- EXERCISE: Within the listing below, give again exactly the lines between the one containing "World Health Organization (2024)" and the one containing "Por otra parte, la", inclusive, pictures left aside.

- DATA IN THIS EXERCISE:
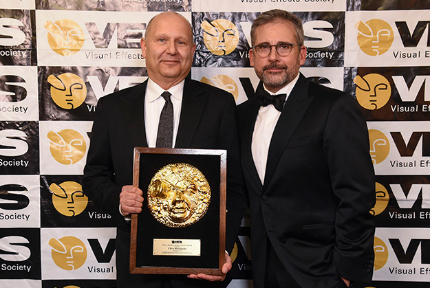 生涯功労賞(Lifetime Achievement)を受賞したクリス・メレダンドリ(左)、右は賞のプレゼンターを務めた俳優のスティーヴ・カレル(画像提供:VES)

---

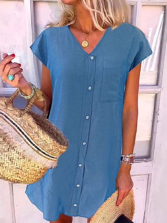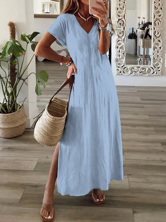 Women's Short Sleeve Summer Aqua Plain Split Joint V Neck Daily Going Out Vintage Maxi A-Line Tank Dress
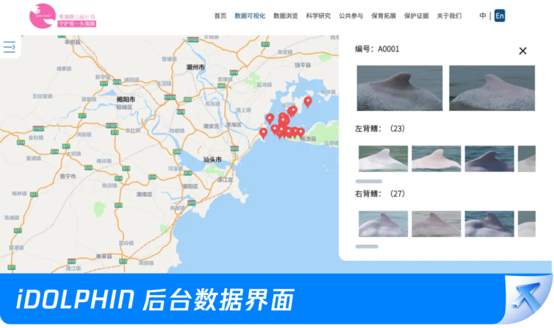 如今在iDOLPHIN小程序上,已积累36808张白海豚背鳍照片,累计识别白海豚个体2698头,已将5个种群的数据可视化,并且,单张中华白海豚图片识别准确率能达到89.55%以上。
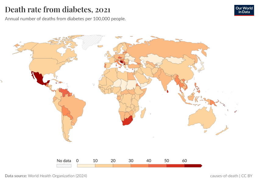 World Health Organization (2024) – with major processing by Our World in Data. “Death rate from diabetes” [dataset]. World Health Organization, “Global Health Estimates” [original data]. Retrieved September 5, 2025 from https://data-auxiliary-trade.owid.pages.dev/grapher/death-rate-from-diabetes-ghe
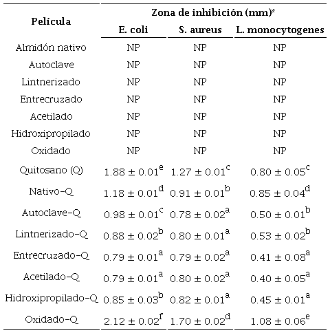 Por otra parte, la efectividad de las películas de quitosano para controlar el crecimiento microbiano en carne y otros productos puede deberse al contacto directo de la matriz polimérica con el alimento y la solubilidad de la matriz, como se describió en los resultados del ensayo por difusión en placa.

- EXPECTED ANSWER:
 World Health Organization (2024) – with major processing by Our World in Data. “Death rate from diabetes” [dataset]. World Health Organization, “Global Health Estimates” [original data]. Retrieved September 5, 2025 from https://data-auxiliary-trade.owid.pages.dev/grapher/death-rate-from-diabetes-ghe
 Por otra parte, la efectividad de las películas de quitosano para controlar el crecimiento microbiano en carne y otros productos puede deberse al contacto directo de la matriz polimérica con el alimento y la solubilidad de la matriz, como se describió en los resultados del ensayo por difusión en placa.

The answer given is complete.